─── Source data ───

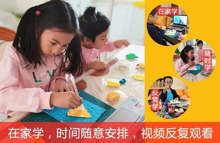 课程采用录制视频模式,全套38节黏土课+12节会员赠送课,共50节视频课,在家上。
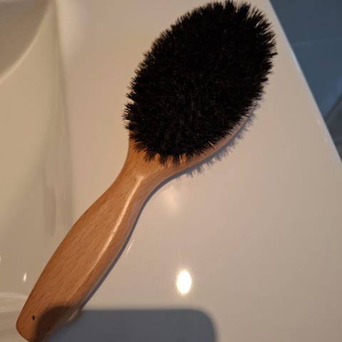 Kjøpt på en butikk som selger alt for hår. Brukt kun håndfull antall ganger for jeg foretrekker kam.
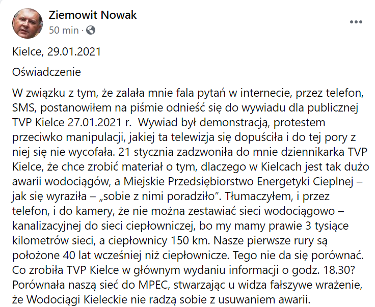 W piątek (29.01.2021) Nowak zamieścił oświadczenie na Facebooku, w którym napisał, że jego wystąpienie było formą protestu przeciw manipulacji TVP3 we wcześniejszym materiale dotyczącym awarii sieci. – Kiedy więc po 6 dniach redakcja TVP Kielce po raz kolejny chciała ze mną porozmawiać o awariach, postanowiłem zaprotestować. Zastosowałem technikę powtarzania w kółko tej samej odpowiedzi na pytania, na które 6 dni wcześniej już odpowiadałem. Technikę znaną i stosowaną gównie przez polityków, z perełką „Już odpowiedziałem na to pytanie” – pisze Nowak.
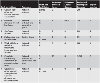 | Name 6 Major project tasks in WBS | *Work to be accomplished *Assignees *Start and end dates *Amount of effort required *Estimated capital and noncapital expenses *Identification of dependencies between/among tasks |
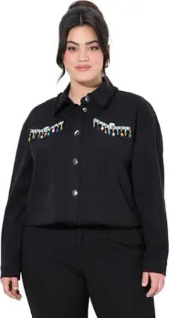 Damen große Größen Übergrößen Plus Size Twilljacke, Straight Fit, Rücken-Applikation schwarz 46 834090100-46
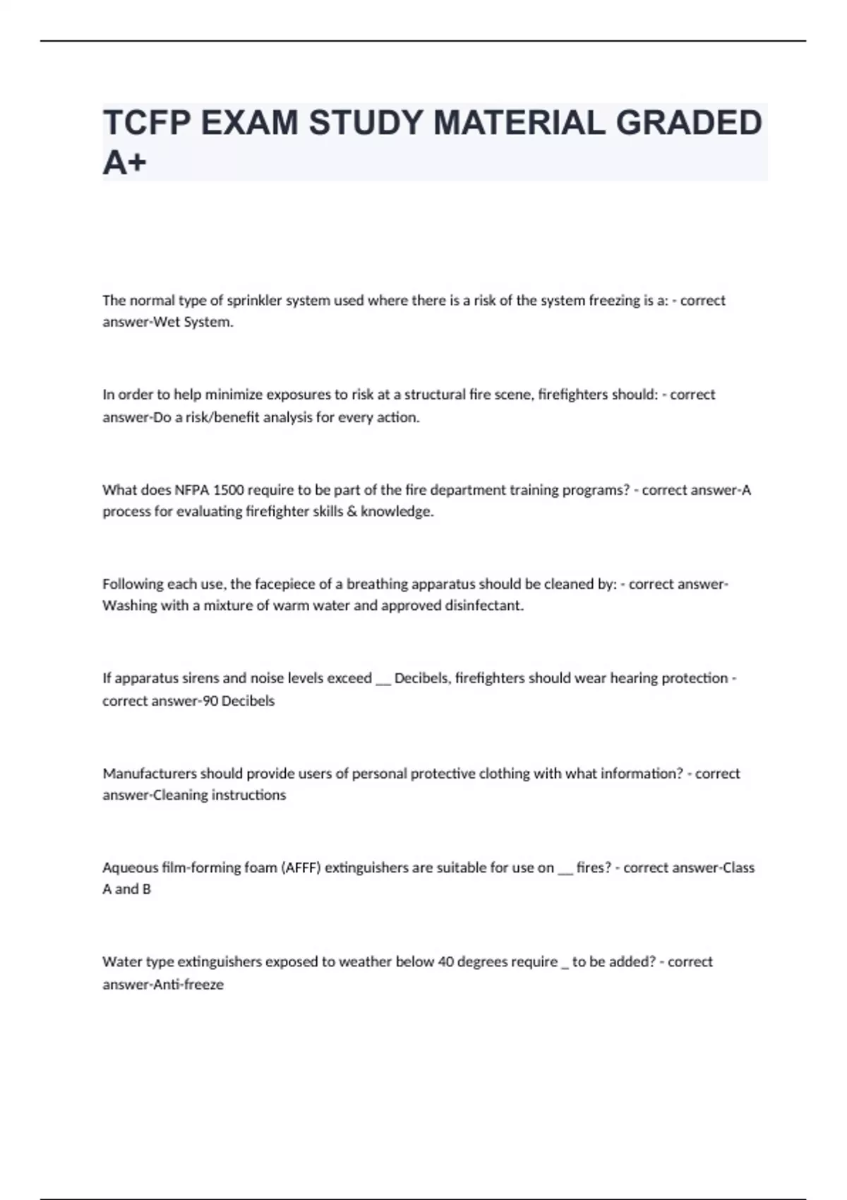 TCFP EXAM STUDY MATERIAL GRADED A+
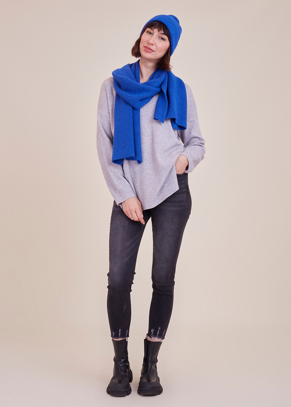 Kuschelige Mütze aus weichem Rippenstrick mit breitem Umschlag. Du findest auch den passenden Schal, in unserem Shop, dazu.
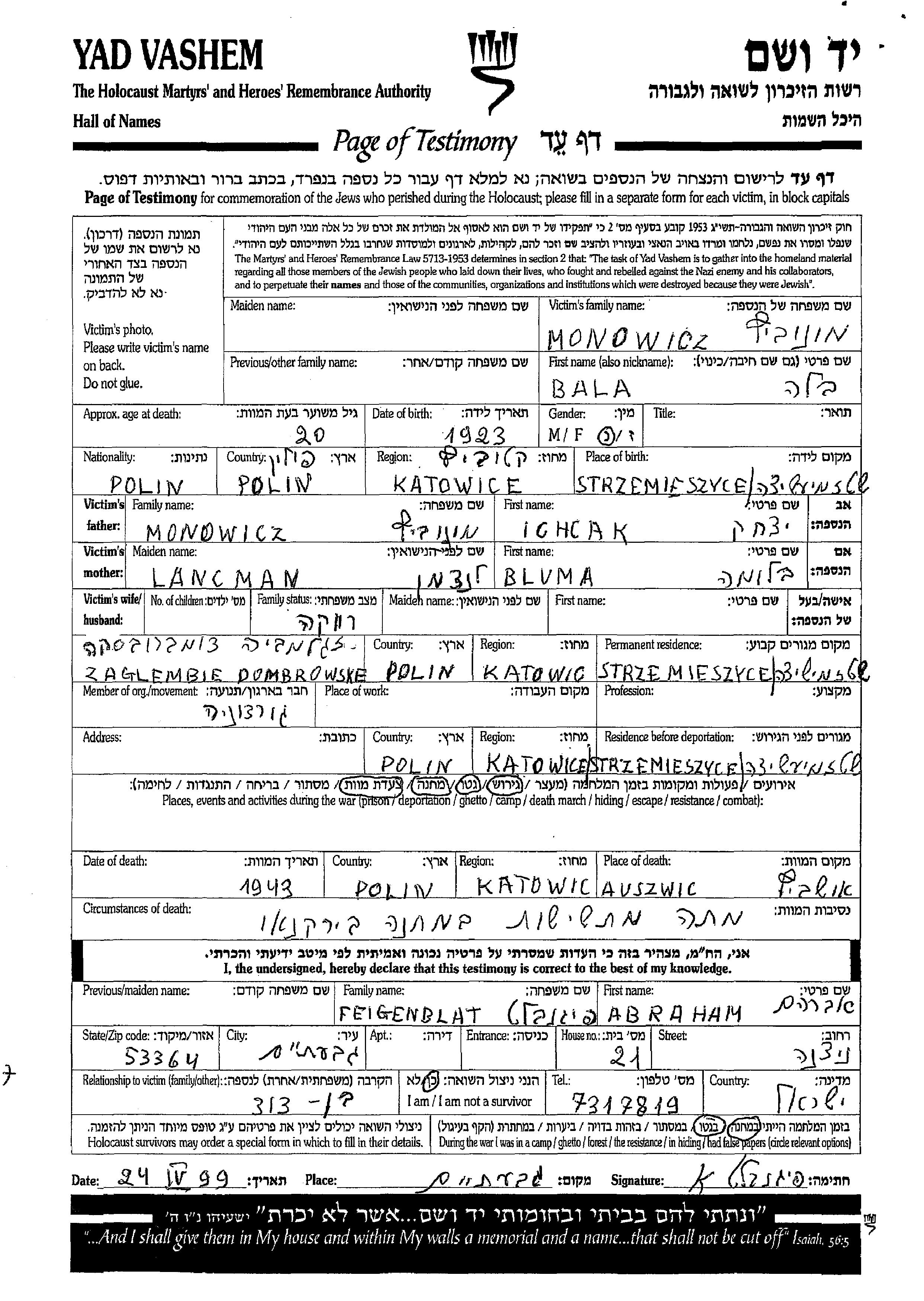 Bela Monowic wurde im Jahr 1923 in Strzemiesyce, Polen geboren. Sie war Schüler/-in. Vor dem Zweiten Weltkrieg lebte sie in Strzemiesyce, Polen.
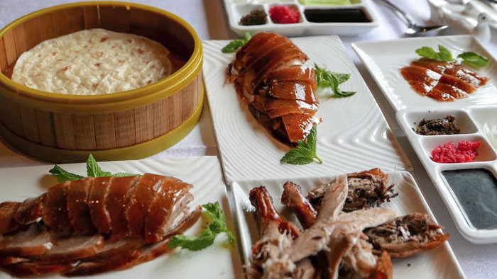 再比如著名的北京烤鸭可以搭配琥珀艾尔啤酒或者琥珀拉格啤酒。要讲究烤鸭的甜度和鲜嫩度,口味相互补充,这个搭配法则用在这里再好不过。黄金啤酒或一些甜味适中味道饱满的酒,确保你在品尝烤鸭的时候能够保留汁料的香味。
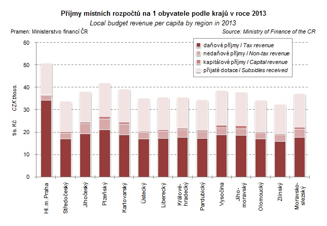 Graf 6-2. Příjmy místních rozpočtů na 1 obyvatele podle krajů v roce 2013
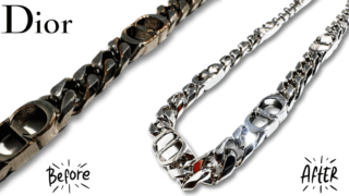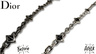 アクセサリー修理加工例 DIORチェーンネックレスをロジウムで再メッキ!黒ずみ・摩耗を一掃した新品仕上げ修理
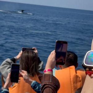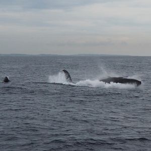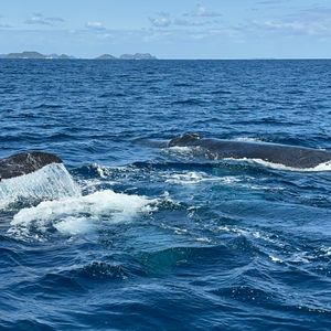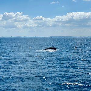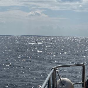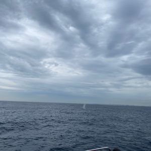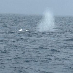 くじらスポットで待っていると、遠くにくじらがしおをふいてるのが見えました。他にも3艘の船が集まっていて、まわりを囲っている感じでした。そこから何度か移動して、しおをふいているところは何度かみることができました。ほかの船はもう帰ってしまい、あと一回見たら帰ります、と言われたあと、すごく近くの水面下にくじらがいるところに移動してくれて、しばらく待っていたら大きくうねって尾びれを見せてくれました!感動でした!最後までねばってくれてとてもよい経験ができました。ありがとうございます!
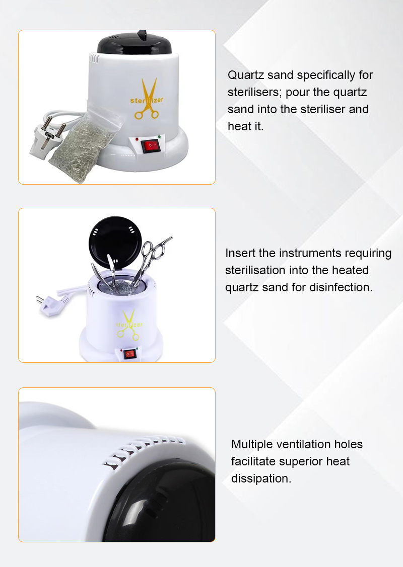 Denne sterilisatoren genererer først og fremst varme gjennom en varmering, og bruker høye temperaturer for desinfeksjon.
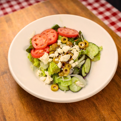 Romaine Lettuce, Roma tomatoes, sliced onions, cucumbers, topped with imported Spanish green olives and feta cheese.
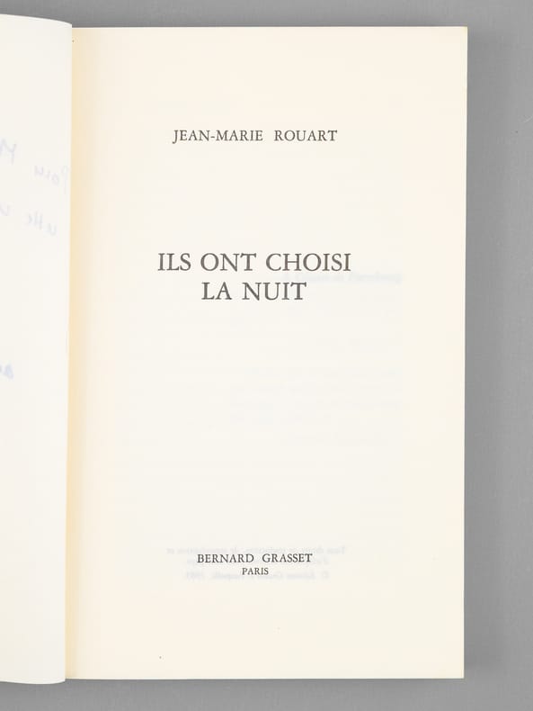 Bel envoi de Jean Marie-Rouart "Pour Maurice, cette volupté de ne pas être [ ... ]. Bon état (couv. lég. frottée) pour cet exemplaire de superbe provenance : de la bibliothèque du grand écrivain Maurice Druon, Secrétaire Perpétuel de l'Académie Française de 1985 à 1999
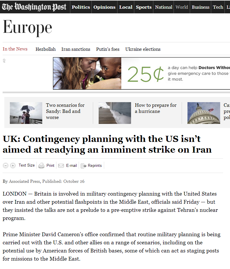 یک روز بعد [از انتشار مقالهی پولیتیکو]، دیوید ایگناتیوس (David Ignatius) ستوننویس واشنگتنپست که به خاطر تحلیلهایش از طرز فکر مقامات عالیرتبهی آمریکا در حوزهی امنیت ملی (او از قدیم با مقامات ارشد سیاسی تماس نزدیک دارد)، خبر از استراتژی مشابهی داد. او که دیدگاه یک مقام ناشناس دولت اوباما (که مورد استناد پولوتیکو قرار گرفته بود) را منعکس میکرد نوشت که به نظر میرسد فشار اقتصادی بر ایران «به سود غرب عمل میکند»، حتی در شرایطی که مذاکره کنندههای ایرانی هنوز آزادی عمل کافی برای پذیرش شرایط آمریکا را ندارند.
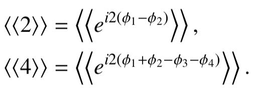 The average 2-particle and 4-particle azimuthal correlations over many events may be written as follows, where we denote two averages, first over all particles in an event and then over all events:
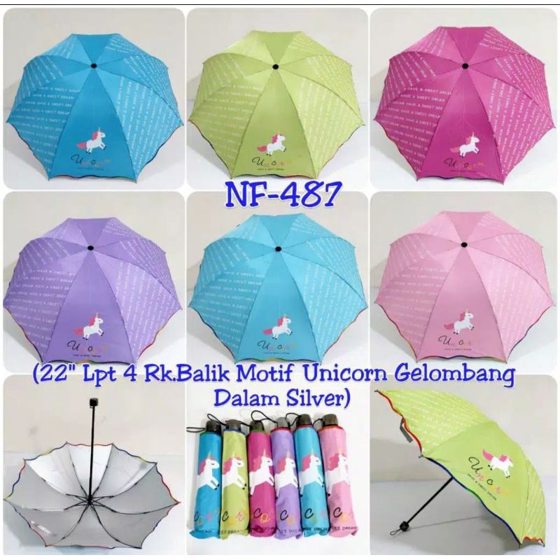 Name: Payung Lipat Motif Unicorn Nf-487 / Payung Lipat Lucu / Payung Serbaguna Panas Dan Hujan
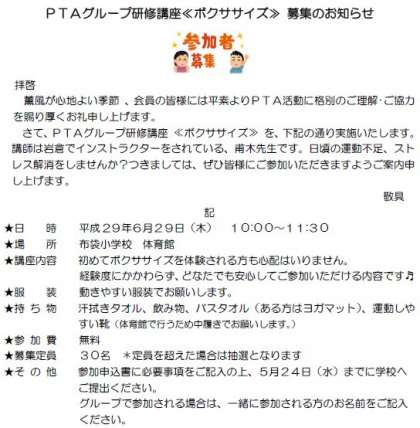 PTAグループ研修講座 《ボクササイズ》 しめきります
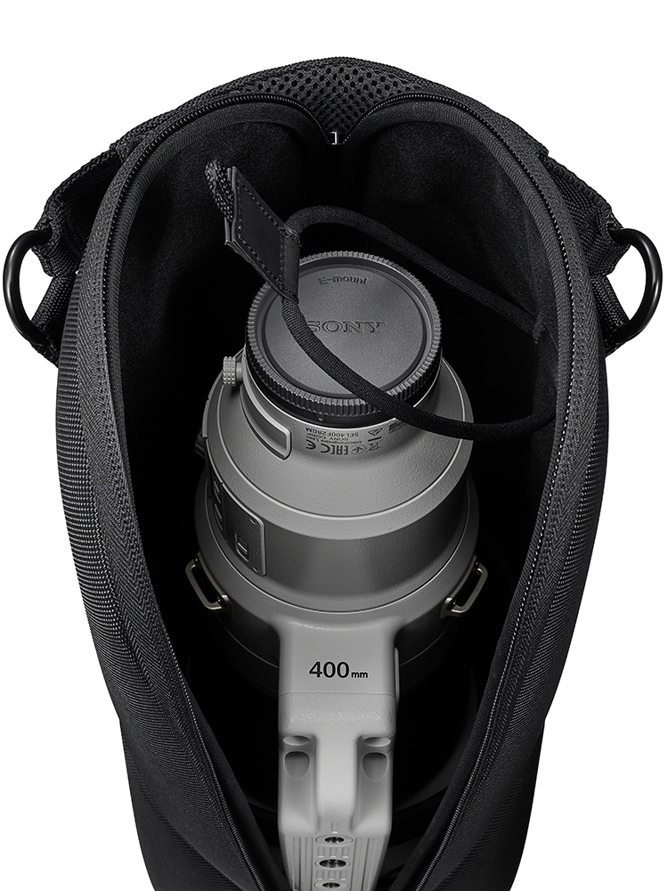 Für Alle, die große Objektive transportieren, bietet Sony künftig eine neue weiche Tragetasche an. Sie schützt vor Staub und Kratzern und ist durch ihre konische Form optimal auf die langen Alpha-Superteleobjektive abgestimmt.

───

Requirement: Your answer should be the lines from the first record down to the line containing "アクセサリー修理加工例 DI", restated exactly, with no pictures.

Solution for this task:
 课程采用录制视频模式,全套38节黏土课+12节会员赠送课,共50节视频课,在家上。
 Kjøpt på en butikk som selger alt for hår. Brukt kun håndfull antall ganger for jeg foretrekker kam.
 W piątek (29.01.2021) Nowak zamieścił oświadczenie na Facebooku, w którym napisał, że jego wystąpienie było formą protestu przeciw manipulacji TVP3 we wcześniejszym materiale dotyczącym awarii sieci. – Kiedy więc po 6 dniach redakcja TVP Kielce po raz kolejny chciała ze mną porozmawiać o awariach, postanowiłem zaprotestować. Zastosowałem technikę powtarzania w kółko tej samej odpowiedzi na pytania, na które 6 dni wcześniej już odpowiadałem. Technikę znaną i stosowaną gównie przez polityków, z perełką „Już odpowiedziałem na to pytanie” – pisze Nowak.
 | Name 6 Major project tasks in WBS | *Work to be accomplished *Assignees *Start and end dates *Amount of effort required *Estimated capital and noncapital expenses *Identification of dependencies between/among tasks |
 Damen große Größen Übergrößen Plus Size Twilljacke, Straight Fit, Rücken-Applikation schwarz 46 834090100-46
 TCFP EXAM STUDY MATERIAL GRADED A+
 Kuschelige Mütze aus weichem Rippenstrick mit breitem Umschlag. Du findest auch den passenden Schal, in unserem Shop, dazu.
 Bela Monowic wurde im Jahr 1923 in Strzemiesyce, Polen geboren. Sie war Schüler/-in. Vor dem Zweiten Weltkrieg lebte sie in Strzemiesyce, Polen.
 再比如著名的北京烤鸭可以搭配琥珀艾尔啤酒或者琥珀拉格啤酒。要讲究烤鸭的甜度和鲜嫩度,口味相互补充,这个搭配法则用在这里再好不过。黄金啤酒或一些甜味适中味道饱满的酒,确保你在品尝烤鸭的时候能够保留汁料的香味。
 Graf 6-2. Příjmy místních rozpočtů na 1 obyvatele podle krajů v roce 2013
 アクセサリー修理加工例 DIORチェーンネックレスをロジウムで再メッキ!黒ずみ・摩耗を一掃した新品仕上げ修理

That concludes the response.